◆ What to work on ◆
Begin at the line that has "En los formularios", stop after the line that has "Monochrome circular rings", and print exactly those lines from the records below, without any pictures.

◆ The data ◆
-=-=-=-=-

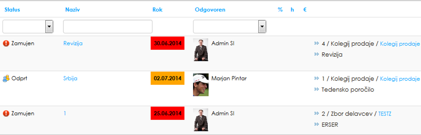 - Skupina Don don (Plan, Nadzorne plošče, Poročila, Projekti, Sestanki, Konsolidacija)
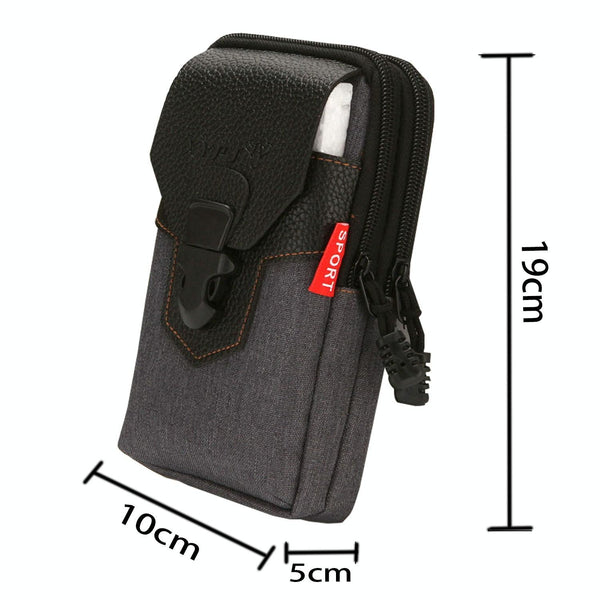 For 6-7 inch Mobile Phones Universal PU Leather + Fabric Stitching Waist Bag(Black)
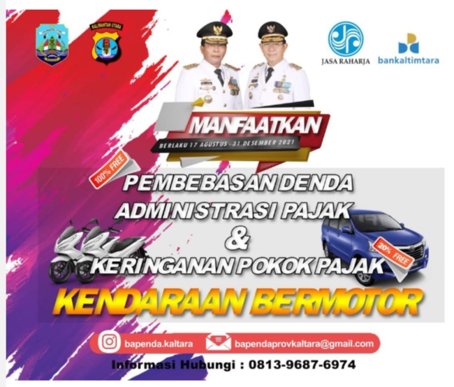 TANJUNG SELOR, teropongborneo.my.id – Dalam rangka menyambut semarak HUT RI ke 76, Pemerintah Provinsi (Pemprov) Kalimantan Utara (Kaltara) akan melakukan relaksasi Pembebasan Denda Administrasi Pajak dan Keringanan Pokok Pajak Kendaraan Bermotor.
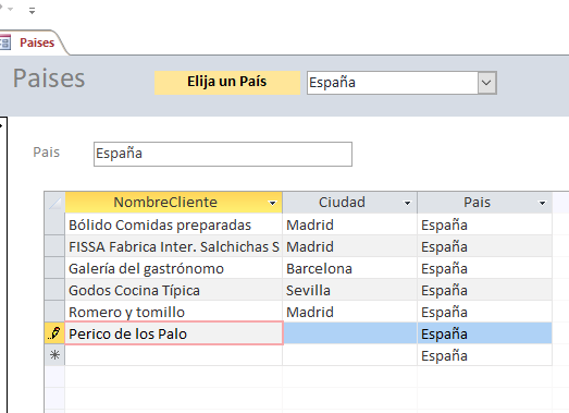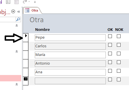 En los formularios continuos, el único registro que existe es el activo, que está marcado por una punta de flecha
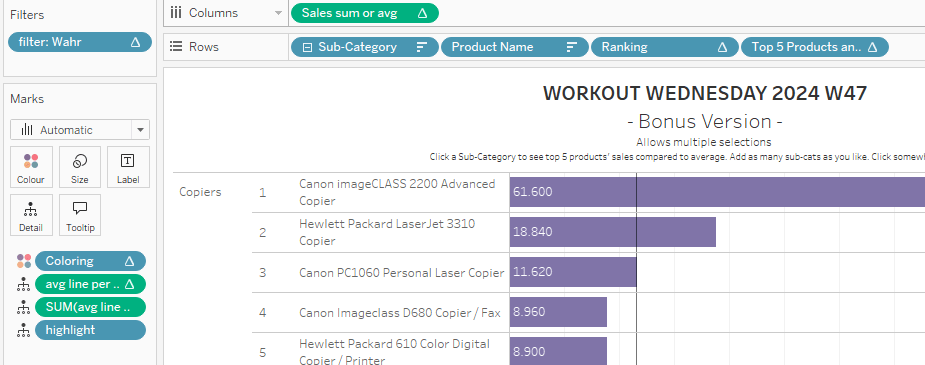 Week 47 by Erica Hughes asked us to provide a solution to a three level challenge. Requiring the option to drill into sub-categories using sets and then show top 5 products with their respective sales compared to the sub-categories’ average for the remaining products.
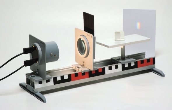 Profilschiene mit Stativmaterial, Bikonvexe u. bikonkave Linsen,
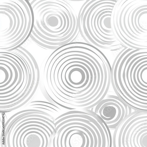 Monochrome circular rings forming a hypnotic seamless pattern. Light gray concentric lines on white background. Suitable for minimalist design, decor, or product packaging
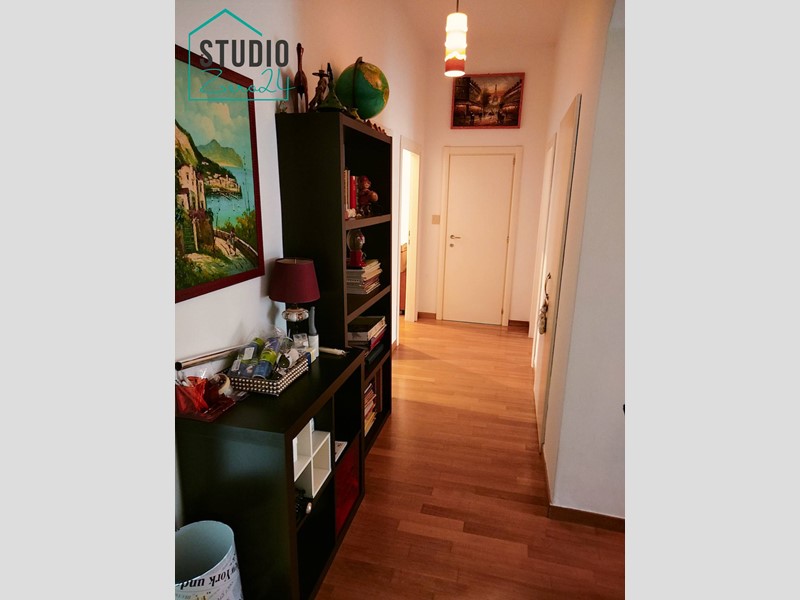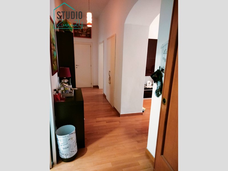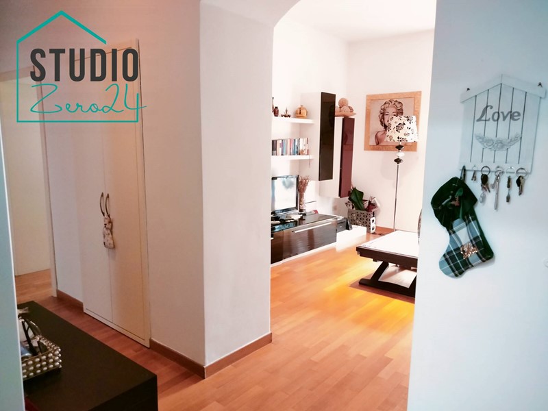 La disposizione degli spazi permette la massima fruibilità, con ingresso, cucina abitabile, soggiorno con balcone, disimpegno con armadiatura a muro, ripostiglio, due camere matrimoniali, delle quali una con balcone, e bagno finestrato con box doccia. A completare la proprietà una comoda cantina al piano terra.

-=-=-=-=-

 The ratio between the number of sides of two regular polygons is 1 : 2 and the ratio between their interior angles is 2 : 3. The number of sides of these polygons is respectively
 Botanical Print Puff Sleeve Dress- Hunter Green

-=-=-=-=-

◆ Result of this exercise ◆
 En los formularios continuos, el único registro que existe es el activo, que está marcado por una punta de flecha
 Week 47 by Erica Hughes asked us to provide a solution to a three level challenge. Requiring the option to drill into sub-categories using sets and then show top 5 products with their respective sales compared to the sub-categories’ average for the remaining products.
 Profilschiene mit Stativmaterial, Bikonvexe u. bikonkave Linsen,
 Monochrome circular rings forming a hypnotic seamless pattern. Light gray concentric lines on white background. Suitable for minimalist design, decor, or product packaging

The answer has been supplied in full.